Just as too | Reviewer: Pearla Laura | 9/8/09
I am in the same boat as all the people who have commented this post. It has been 8 painful months since I let the man I fell hardest for get away, I met him as he worked on my home, we had one night of pure heaven, incredible talking, beautiful kissing and somehow he did it, got away and still remains deeply impressed in my heart. He is the one person I compare every man too, and noone seems to fill the gap he did. No one is yet to come close to him, and this song expresses rather well everything I want to say. I still don't know if he has someone else, but that thought kills me.
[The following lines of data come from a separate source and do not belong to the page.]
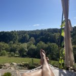 Prostorná sauna pro 4 osoby s výhledem do lesa, ochlazovací vana.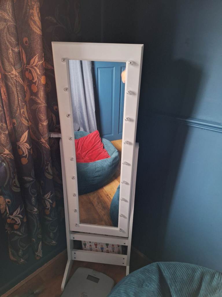 Opens up to store jewellery, make-up etc. Lights around the mirror.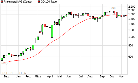 Mit dem Rücksetzer auf 1.733,50 EUR hat die Rheinmetall-Aktie am 11.11.2025 die 100-Tage-Linie nach unten gekreuzt.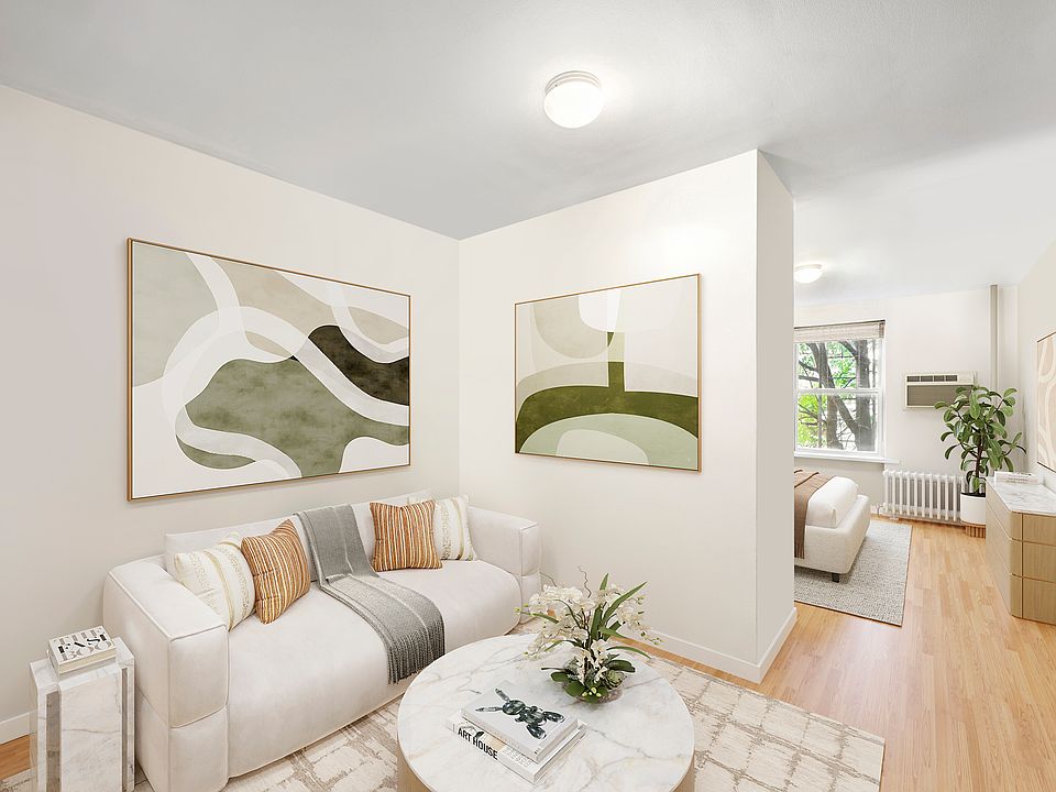 Welcome to 123 Guernsey Street, Apt 2C - an oversized alcove studio apartment on a quiet block in the heart of Greenpoint. Nov. 1st lease start date. *The photography for this apartment has been virtually staged.* Apartment 2C features a thoughtful layout that separates the sleeping area from the main living space, making it easy to create distinct areas for relaxing, dining, and entertaining. The back-facing bedroom is large and features 2 closets. High ceilings and hardwood floors add character, while the kitchen features stainless-steel appliances and good cabinet storage. A windowed bathroom with clean tile and updated fixtures completes the space. Originally built in 1928, this four-story building only contains 8 units, pre-war details, a video intercom and a welcoming atmosphere. Cats are allowed, though dogs are not permitted. Living here means you're close to McCarren Park, the waterfront, and a wide selection of neighborhood cafes, restaurants, and shops in both Greenpoint and Williamsburg. 123 Guernsey is less than a 5-minute walk to the G train at Nassau Avenue, and less than 15 minute walk to the L-train at Bedford Avenue.

I guess everyone has one, the one that got away. I feel for you all, it's the most painful experience.
i let him get away | Reviewer: Anonymous | 9/29/08
yeah, the same happened to me. met the guy of my dreams! he was definately the one...but i let him get away...it's been 6 months without him, and i know he was the one. i know it in my heart. I guess everyone has one that gets away. I'll always regret losing him. I'm 25 now it's going to be really hard to go on the rest of my life without him.
I can identify as well | Reviewer: Rachel Shaw | 8/28/08
8 years ago I was 18 and let the best thing that ever happened to me get away. I have been on a quest since that day to find someone to replace him and the love I had for him. 8 years later with another man and a baby, my heart still aches for my first true love. A part of me feels we were soulmates and destined to be together forever. It never happened.
Really connected with the lyrics...... | Reviewer: Ken Adams | 8/7/07
This same thing happened to me. I let the one, THE one, slip away. It's been six months and I can still remember every vivid detail. P!nk's song makes you want to laugh and feel happy and cry all at the same time.